“AI Is Getting Better at Mind-Reading” is how The New York Times puts it.
The actual study, “Semantic reconstruction of continuous language from non-invasive brain recordings” (by Jerry Tang, Amanda LeBel, Shailee Jain & Alexander G. Huth of the University of Texas at Austin), published in Nature Neuroscience, puts it this way:
We introduce a decoder that takes non-invasive brain recordings made using functional magnetic resonance imaging (fMRI) and reconstructs perceived or imagined stimuli using continuous natural language.
Ultimately, they developed a way to figure out what a person is thinking—or at least “the gist” of what they’re thinking—even if they’re not saying anything out loud, by looking at fMRI data.
It seems that such findings might have relevance to philosophers working across a range of areas.
The scientists used fMRIs to record blood-oxygen-level-dependent (BOLD) signals in their subjects’ brains as they listened to hours of podcasts (like The Moth Radio Hour and Modern Love) and watched animated Pixar shorts. They then had to “translate” the BOLD signals into natural language. One thing that made this challenging is that thoughts are faster than blood:
Although fMRI has excellent spatial specificity, the blood-oxygen-level-dependent (BOLD) signal that it measures is notoriously slow—an impulse of neural activity causes BOLD to rise and fall over approximately 10 s. For naturally spoken English (over two words per second), this means that each brain image can be affected by over 20 words. Decoding continuous language thus requires solving an ill-posed inverse problem, as there are many more words to decode than brain images. Our decoder accomplishes this by generating candidate word sequences, scoring the likelihood that each candidate evoked the recorded brain responses and then selecting the best candidate. [references removed]
They then trained an encoding model to compare word sequences to subjects’ brain responses. Using the data from their recordings of the subjects while they listened to the podcasts,
We trained the encoding model on this dataset by extracting semantic features that capture the meaning of stimulus phrases and using linear regression to model how the semantic features influence brain responses. Given any word sequence, the encoding model predicts how the subject’s brain would respond when hearing the sequence with considerable accuracy. The encoding model can then score the likelihood that the word sequence evoked the recorded brain responses by measuring how well the recorded brain responses match the predicted brain responses.

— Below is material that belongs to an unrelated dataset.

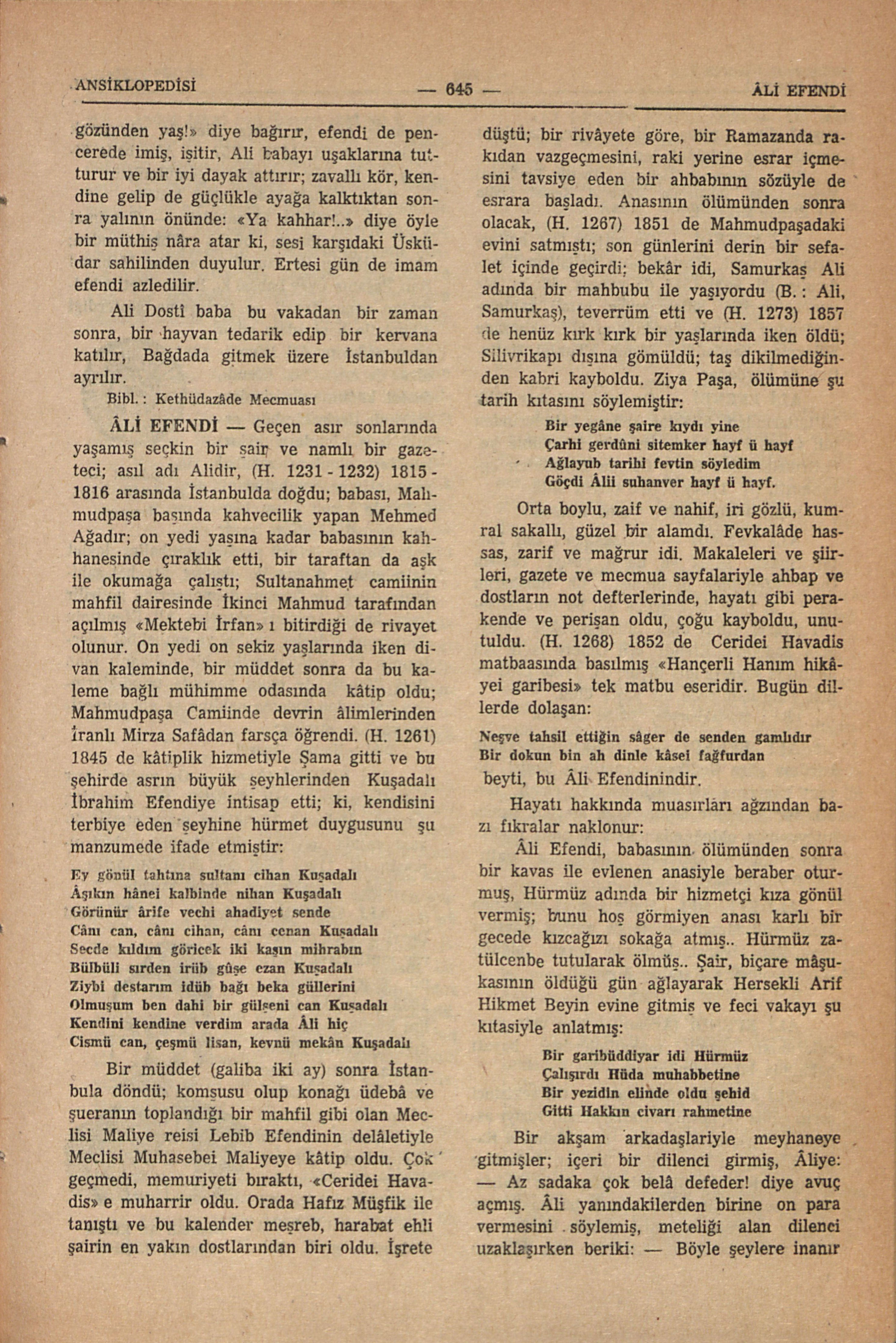 Geçen asır sonlarında yaşamış seçkin bir şair ve namlı birgazeteci; asıl adı Alidir, (H. 1231 - 1232) 1815 - 1816 arasında İstanbulda doğdu; babası, Mahmudpaşa başında kahvecilik yapan Mehmed Ağadır; on yedi yaşına kadar babasının kahhanesinde çıraklık etti, bir taraftan da aşk ile okumağa çalıştı; Sultanahmet camiinin mahfil dairesinde İkinci Mahmud tarafından açılmış «Mektebi İrfan” ı bitirdiği de rivayet olunur. On yedi on sekiz yaşlarında iken divan kaleminde, bir müddet sonra da bu kaleme bağlı mühimme odasında kâtip oldu; Mahmudpaşa Camiinde devrin âlimlerinden İranlı Mirza Safâdan Farsça öğrendi. (H. 1261) 1845 de kâtiplik hizmetiyle Şama gitti ve bu şehirde asrın büyük şeyhlerinden Kuşadalı İbrahim Efendiye intisap etti; ki, kendisini terbiye eden şeyhine hürmet duygusunu şu manzumede ifade etmiştir: Ey gönül tahtına sultanı cihan Kuşadalı Âşıkın hânei kalbinde nihan Kuşadalı Görünür ârife vechi ahadiyet sende Cânı can, cânı cihan, cânı cenan Kuşadalı Secde kıldım göricek iki kaşın mihrabın Bülbüli sırden irüb gûşe ezan Kuşadalı Ziybi destarım idüb bağı beka güllerini Olmuşum ben dahi bir gülşeni can Kuşadalı Kendini kendine verdim arada Âli hiç Cismü can, çeşmü lisan, kevnü mekân Kuşadalı Bir müddet (galiba iki ay) sonra İstanbula döndü; komşusu olup konağı üdebâ ve şueranın toplandığı bir mahfil gibi olan Meclisi Maliye reisi Lebib Efendinin delâletiyle Meclisi Muhasebei Maliyeye kâtip oldu. Çok geçmedi, memuriyeti bıraktı, «Ceridei Havadis” e muharrir oldu. Orada Hafız Müşfik ile tanıştı ve bu kalender meşreb, harabat ehli şairin en yakın dostlarından biri oldu. İşrete düştü; bir rivâyete göre, bir Ramazanda rakıdan vazgeçmesini, raki yerine esrar içmesini tavsiye eden bir ahbabının sözüyle de esrara başladı. Anasının ölümünden sonra olacak, (H. 1267) 1851 de Mahmudpaşadaki evini satmıştı; son günlerini derin bir sefalet içinde geçirdi; bekâr idi, Samurkaş Ali adında bir mahbubu ile yaşıyordu (B. : Ali, Samurkaş), teverrüm etti ve (H. 1273) 1857 de henüz kırk kırk bir yaşlarında iken öldü; Silivrikapı dışına gömüldü; taş dikilmediğinden kabir kayboldu. Ziya Paşa, ölümüne şu tarih kıtasını söylemiştir: Bir yegâne şaire kıydı yine Çarhi gerdûni sitemker hayf ü hayf Ağlayub tarihi fevtin söyledim Göçdi Âlii suhanver hayf ü hayf. Orta boylu, zaif ve nahif, iri gözlü, kumral sakallı, güzel bir alamdı. Fevkalâde hassas, zarif ve mağrur idi. Makaleleri ve şiirleri, gazete ve mecmua sayfalariyle ahbap ve dostların not defterlerinde, hayatı gibi perakende ve perişan oldu, çoğu kayboldu, unutuldu. (H. 1268) 1852 de Ceridei Havadis matbaasında basılmış «Hançerli Hanım hikâyei garibesi” tek matbu eseridir. Bugün dillerde dolaşan: Neşve tahsil ettiğin sâger de senden gamlıdır Bir dokun bin ah dinle kâsei fağfurdan beyti, bu Âli Efendinindir. Hayatı hakkında muasırları ağzından bazı fıkralar naklonur: Âli Efendi, babasının ölümünden sonra bir kavas ile evlenen anasiyle beraber oturmuş, Hürmüz adında bir hizmetçi kıza gönül vermiş; bunu hoş görmiyen anası karlı bir gecede kızcağızı sokağa atmış.. Hürmüz zatülcenbe tutularak ölmüş.. Şair, biçare mâşukasının öldüğü gün ağlayarak Hersekli Arif Hikmet Beyin evine gitmiş ve feci vakayı şu kıtasiyle anlatmış: Bir garibüddiyar idi Hürmüz Çalışırdı Hüda muhabbetine Bir yezidin elinde oldu şehid Gitti Hakkın civarı rahmetine Bir akşam arkadaşlariyle meyhaneye gitmişler; içeri bir dilenci girmiş, Âliye: — Az sadaka çok belâ defeder! diye avuç açmış. Âli yanındakilerden birine on para vermesini söylemiş, meteliği alan dilenci uzaklaşırken beriki: — Böyle şeylere inanır mısın? diye sormuş, Âli; — İşte, sadakayı verdik, belâ defoldu! demiş. Bibl. : Mecmuai Ebüzziya; Tarih Encümeni Mecmuasında İbnülemin Mahmud Kemal İnalin Âli Efendi Makalesi.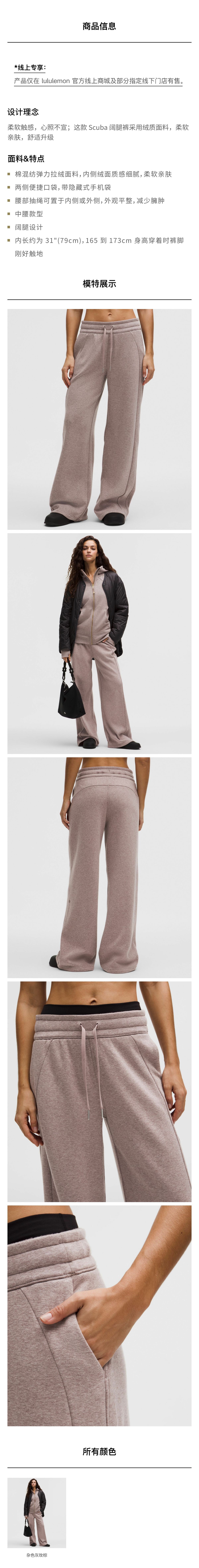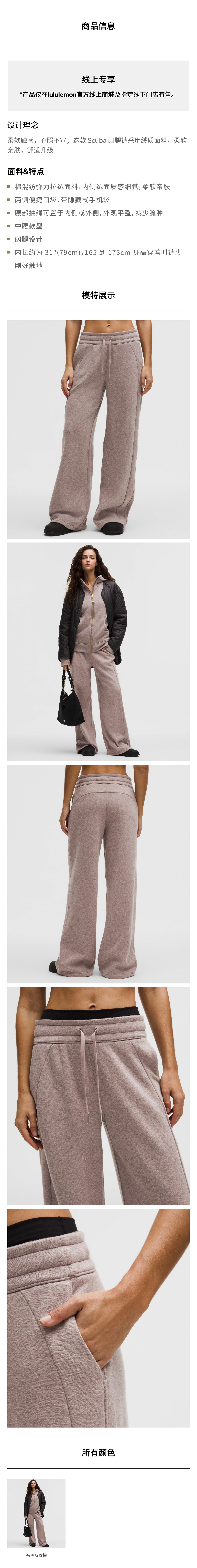 女士常规款中腰阔腿裤 *加绒

There was still the problem of too many word possibilities to feasibly work with, so they had to figure out a way to narrow down the translation options. To do that, they used a “generative neural network language model that was trained on a large dataset of natural English word sequences” to “restrict candidate sequences to well-formed English,” and a “beam search algorithm” to “efficiently search for the most likely word
When new words are detected based on brain activity in auditory and speech areas, the language model generates continuations for each sequence in the beam using the previously decoded words as context. The encoding model then scores the likelihood that each continuation evoked the recorded brain responses, and the… most likely continuations are retained in the beam for the next timestep.
They then had the subjects listen, while undergoing fMRI, to podcasts that the system was not trained on, to see whether it could decode the brain images into natural language that described what the subjects were thinking. The results:
The decoded word sequences captured not only the meaning of the stimuli but often even exact words and phrases, demonstrating that fine-grained semantic information can be recovered from the BOLD signal.
Here are some examples:
They then had the subjects undergo fMRI while merely imagining listening to one of the stories they had heard (again, not a story the system was trained on):
A key task for brain–computer interfaces is decoding covert imagined speech in the absence of external stimuli. To test whether our language decoder can be used to decode imagined speech, subjects imagined telling five 1-min stories while being recorded with fMRI and separately told the same stories outside of the scanner to provide reference transcripts. For each 1-min scan, we correctly identified the story that the subject was imagining by decoding the scan, normalizing the similarity scores between the decoder prediction and the reference transcripts into probabilities and choosing the most likely transcript (100% identification accuracy)… Across stories, decoder predictions were significantly more similar to the corresponding transcripts than expected by chance (P < 0.05, one-sided non-parametric test). Qualitative analysis shows that the decoder can recover the meaning of imagined stimuli.
The authors note that “subject cooperation is currently required both to train and to apply the decoder. However, future developments might enable decoders to bypass these requirements,” and call for caution:
even if decoder predictions are inaccurate without subject cooperation, they could be intentionally misinterpreted for malicious purposes. For these and other unforeseen reasons, it is critical to raise awareness of the risks of brain decoding technology and enact policies that protect each person’s mental privacy.
Note that this study describes research conducted over a year ago (the paper was just published, but it was submitted in April of 2022). Given the apparent pace of technological developments we’ve seen recently, has a year ago ever seemed so far in the past?